COLLECTED MATERIAL
= Beginning of Section =

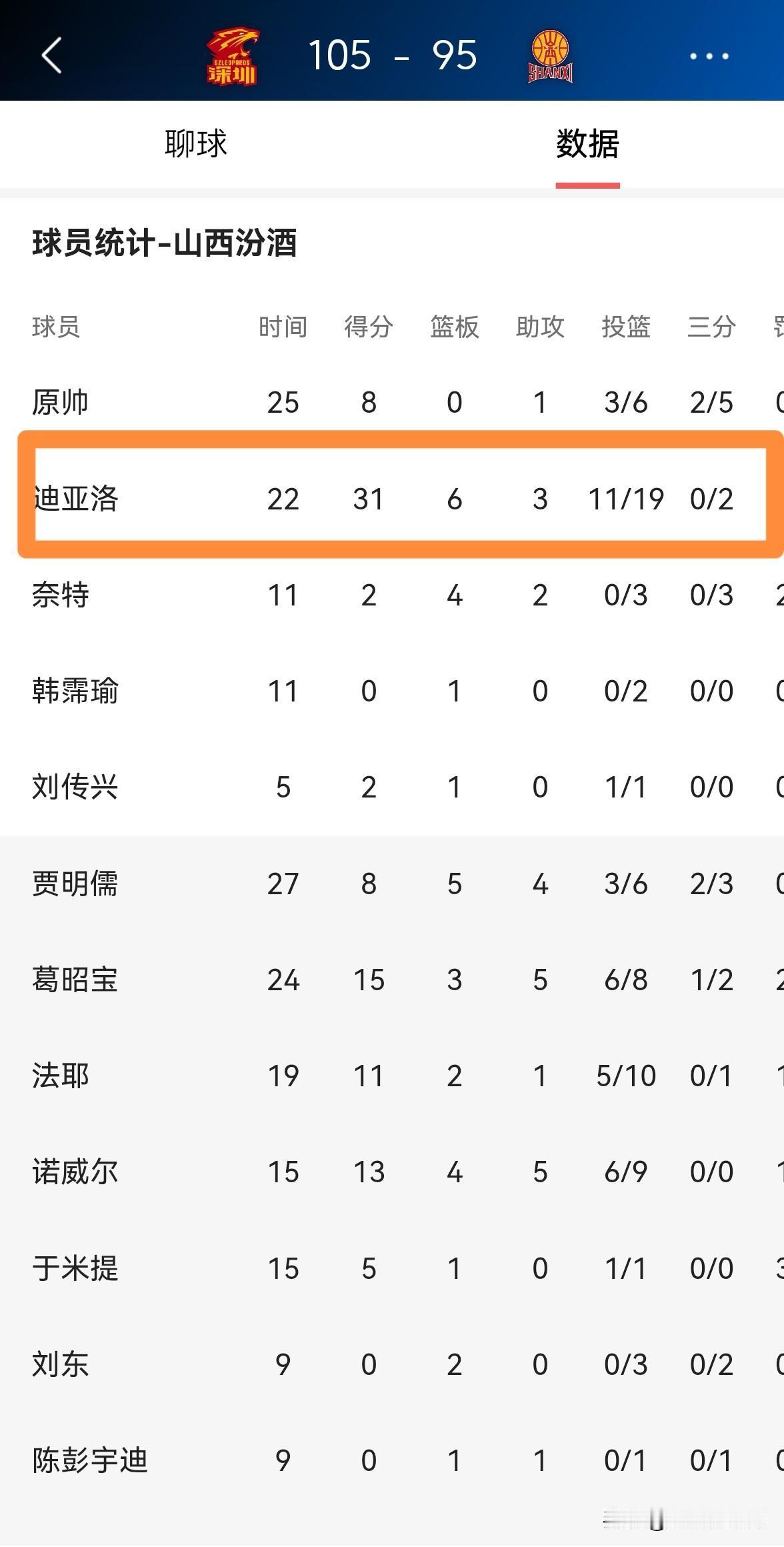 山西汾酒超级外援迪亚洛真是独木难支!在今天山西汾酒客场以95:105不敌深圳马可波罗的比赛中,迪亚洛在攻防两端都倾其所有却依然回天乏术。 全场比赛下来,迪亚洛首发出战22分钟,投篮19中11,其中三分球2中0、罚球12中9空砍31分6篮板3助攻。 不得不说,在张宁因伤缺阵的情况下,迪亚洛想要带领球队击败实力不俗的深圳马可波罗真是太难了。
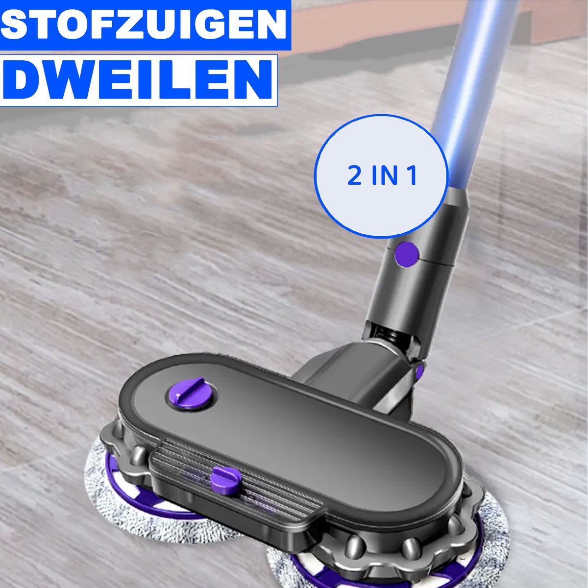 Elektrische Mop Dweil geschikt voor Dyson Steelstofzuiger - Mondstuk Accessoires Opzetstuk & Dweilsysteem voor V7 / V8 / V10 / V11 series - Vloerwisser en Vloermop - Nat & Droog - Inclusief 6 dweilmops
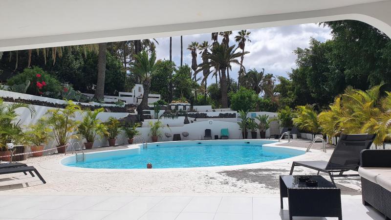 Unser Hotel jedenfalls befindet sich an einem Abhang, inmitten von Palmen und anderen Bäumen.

= End of Section =

PROBLEM DETAILS
Give again, word for word, the lines above from the one with "Elektrische Mop Dweil" through the final line of the data, both ends included. Do not copy any picture.

RESPONSE
 Elektrische Mop Dweil geschikt voor Dyson Steelstofzuiger - Mondstuk Accessoires Opzetstuk & Dweilsysteem voor V7 / V8 / V10 / V11 series - Vloerwisser en Vloermop - Nat & Droog - Inclusief 6 dweilmops
 Unser Hotel jedenfalls befindet sich an einem Abhang, inmitten von Palmen und anderen Bäumen.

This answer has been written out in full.